- [Data to examine]:

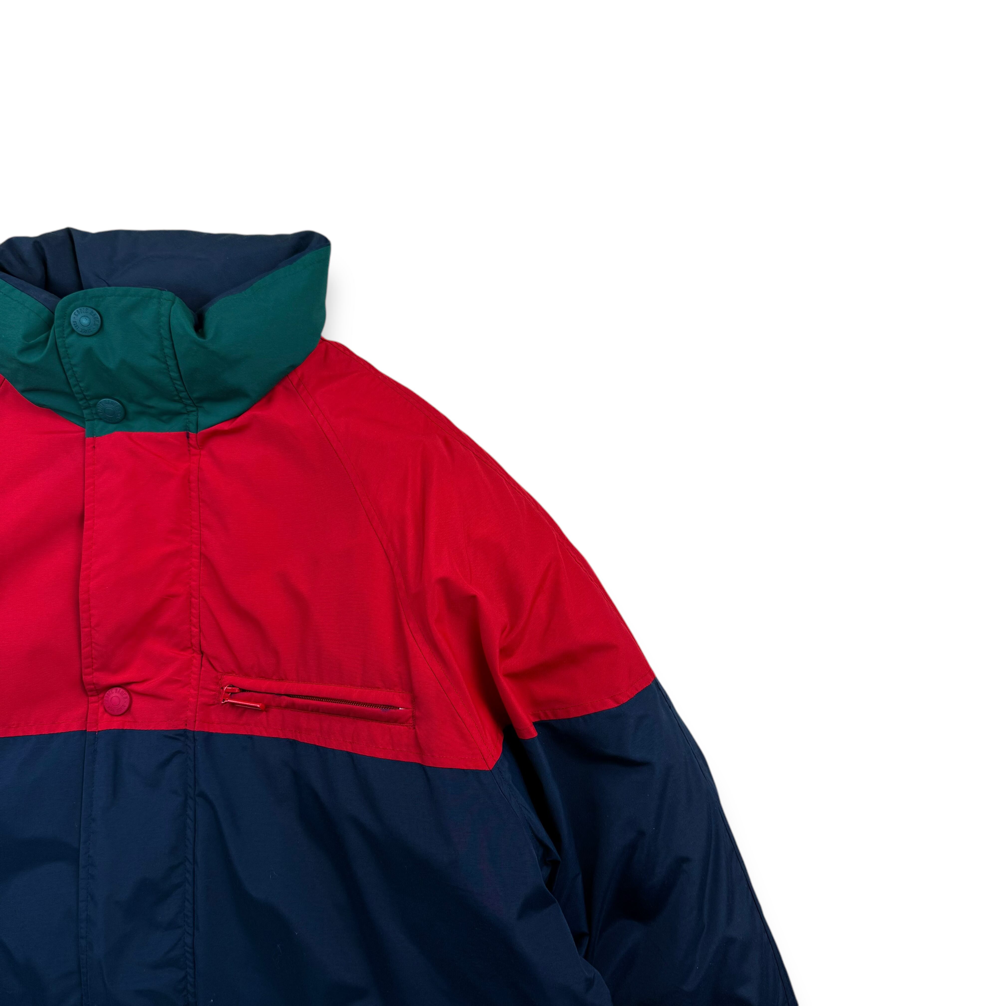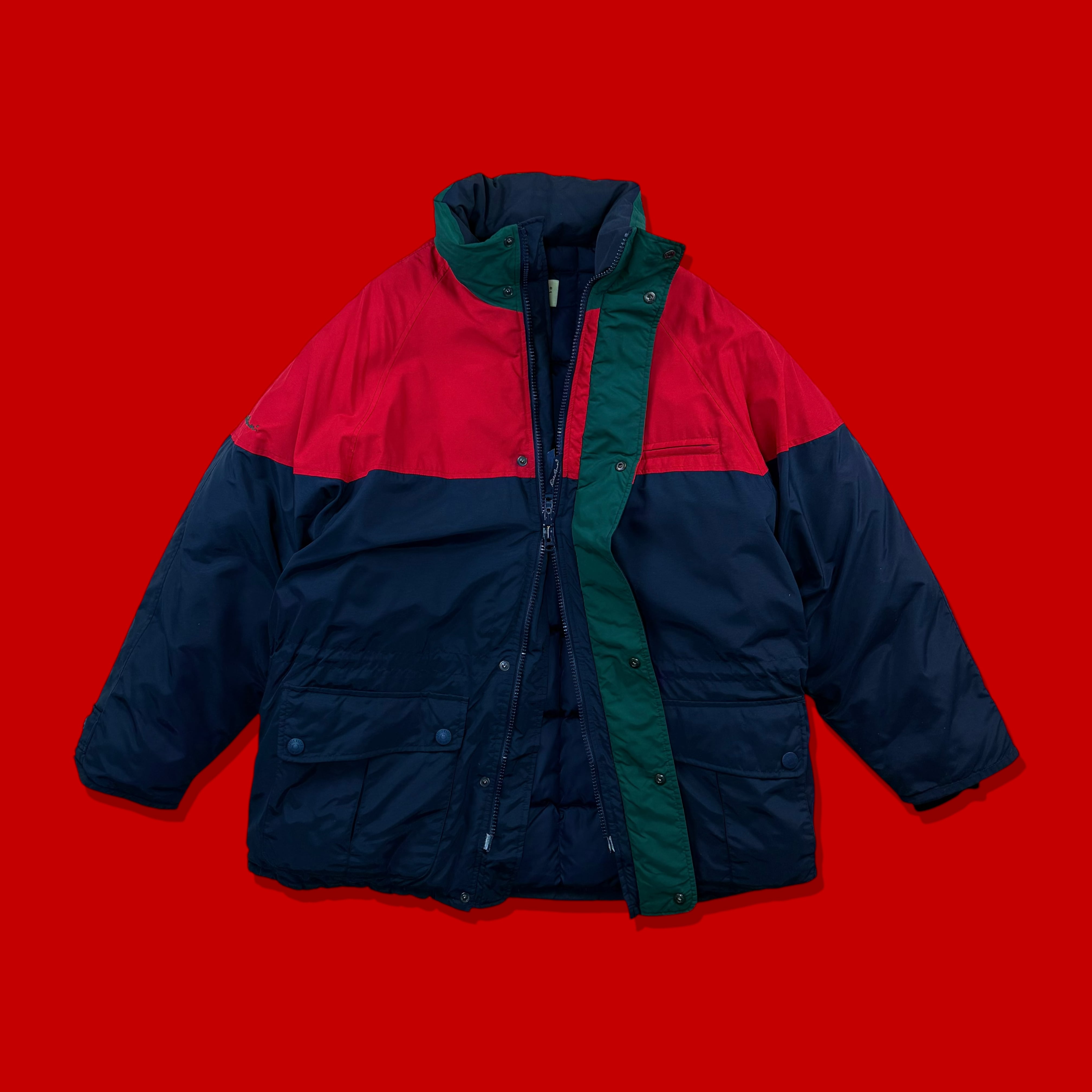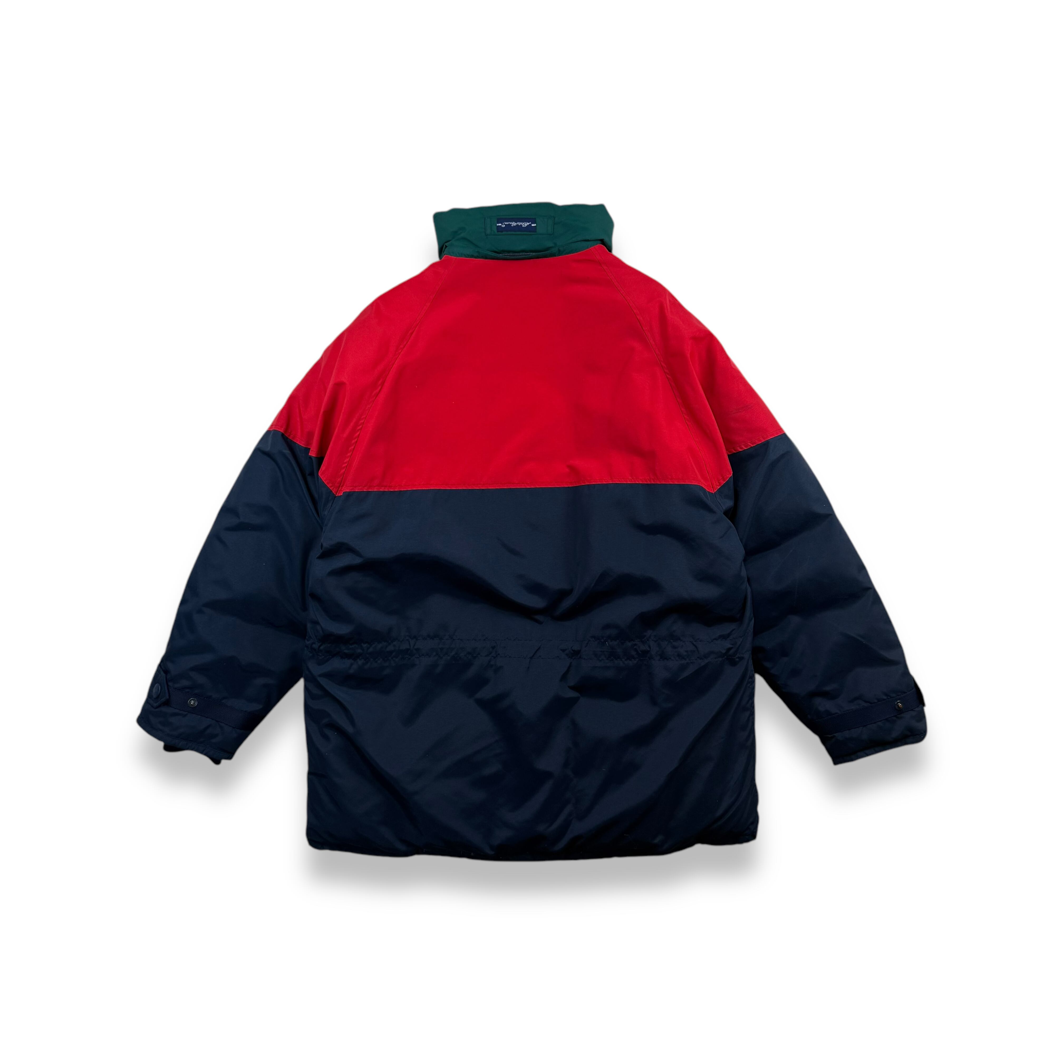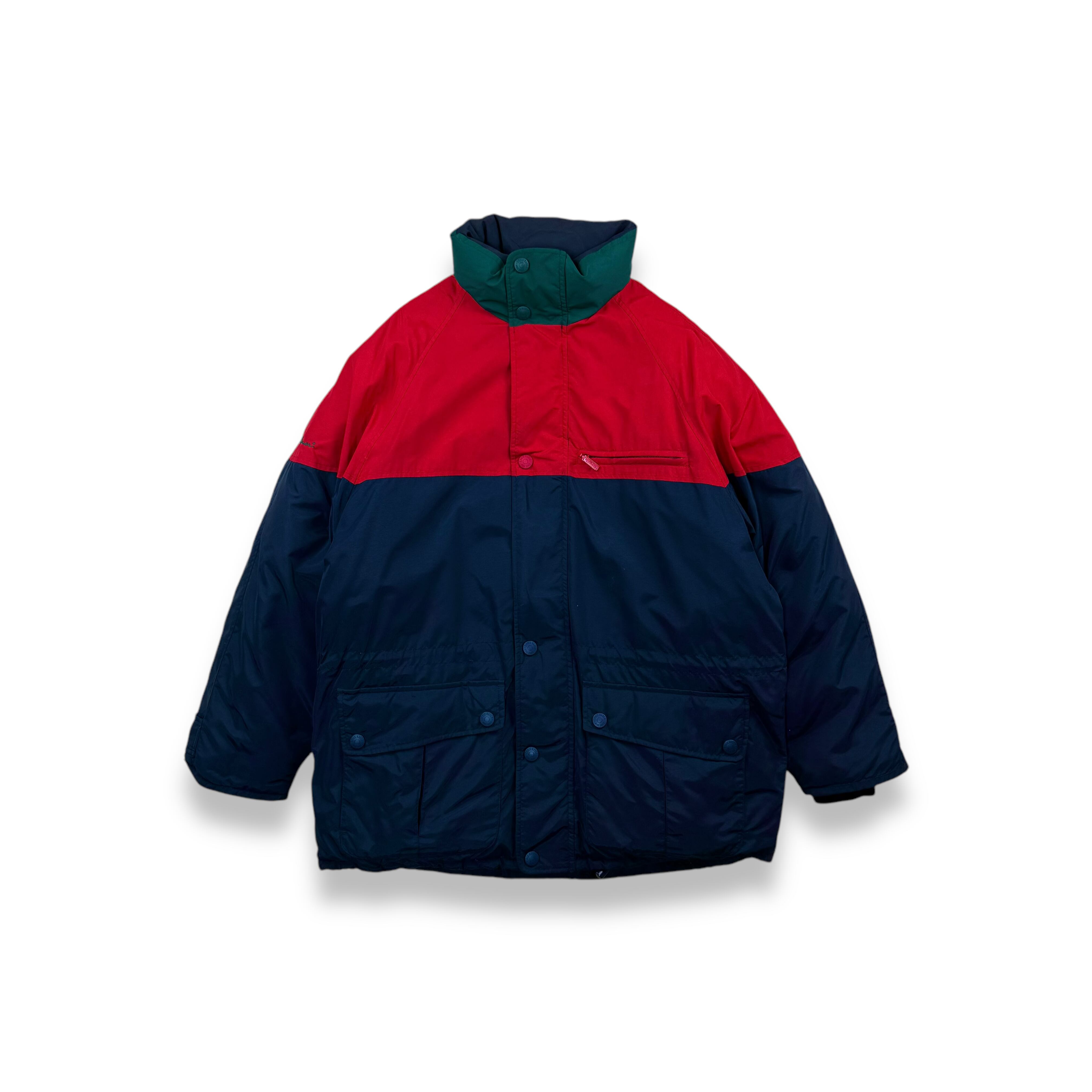 1990年代、白タグ期のエディーバウアーによりリリースされた名作グースダウンジャケット。レッド、ネイビー、グリーンを組み合わせた3トーン配色のメリハリある色使いで、日常のスタイリングにも自然に馴染むバランスの良いデザインです。
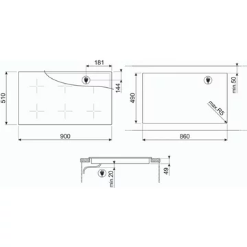 - LxHxP (encastrement) : 86 x 6.9 x 49 cm
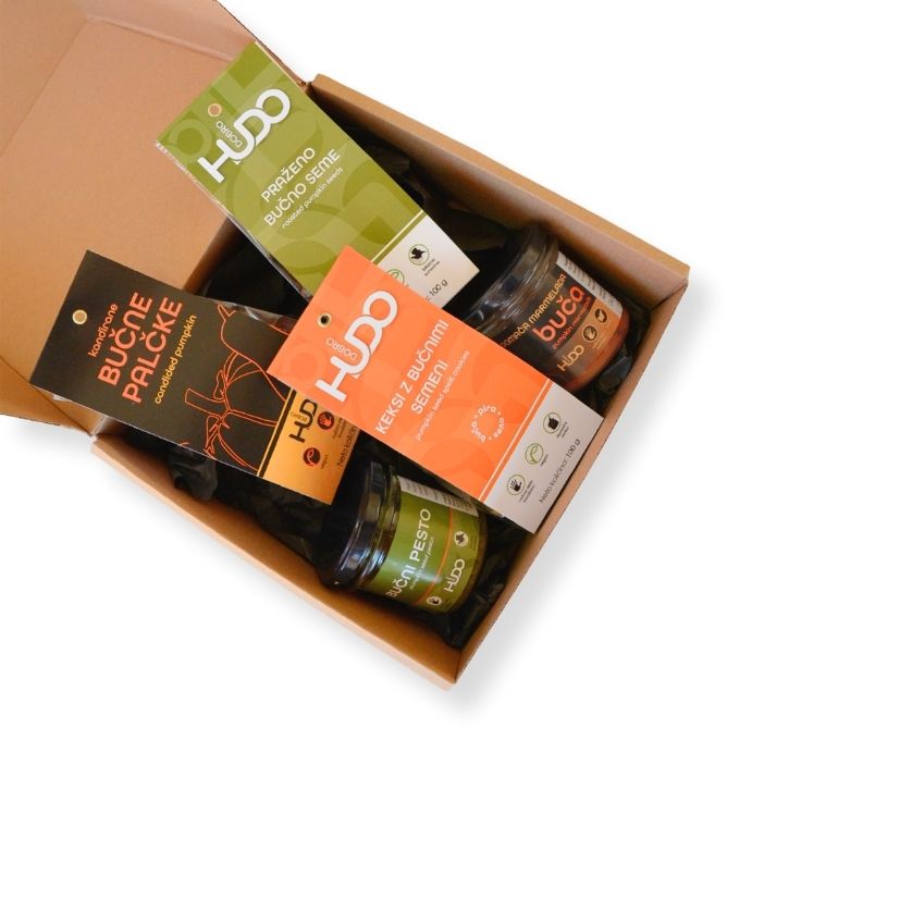 Verschenken Sie ein Paket HUDO DOBRO, sorgfältig zubereitet aus den besten Zutaten aus dem Prekmurje.
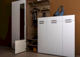 Универсальный модуль этой прихожей может быть дополнен шкафом для одежды.
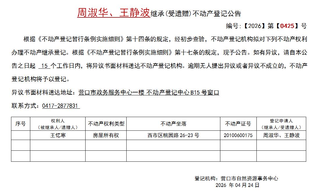 周淑华、王静波继承(受遗赠)不动产登记公告-公示公告-营口市不动产登记中心

- [Exercise instructions]: Only the lines from the one containing "Verschenken Sie ein" through the end of the records are wanted, set down exactly and without their pictures.

- [Task response]:
 Verschenken Sie ein Paket HUDO DOBRO, sorgfältig zubereitet aus den besten Zutaten aus dem Prekmurje.
 Универсальный модуль этой прихожей может быть дополнен шкафом для одежды.
 周淑华、王静波继承(受遗赠)不动产登记公告-公示公告-营口市不动产登记中心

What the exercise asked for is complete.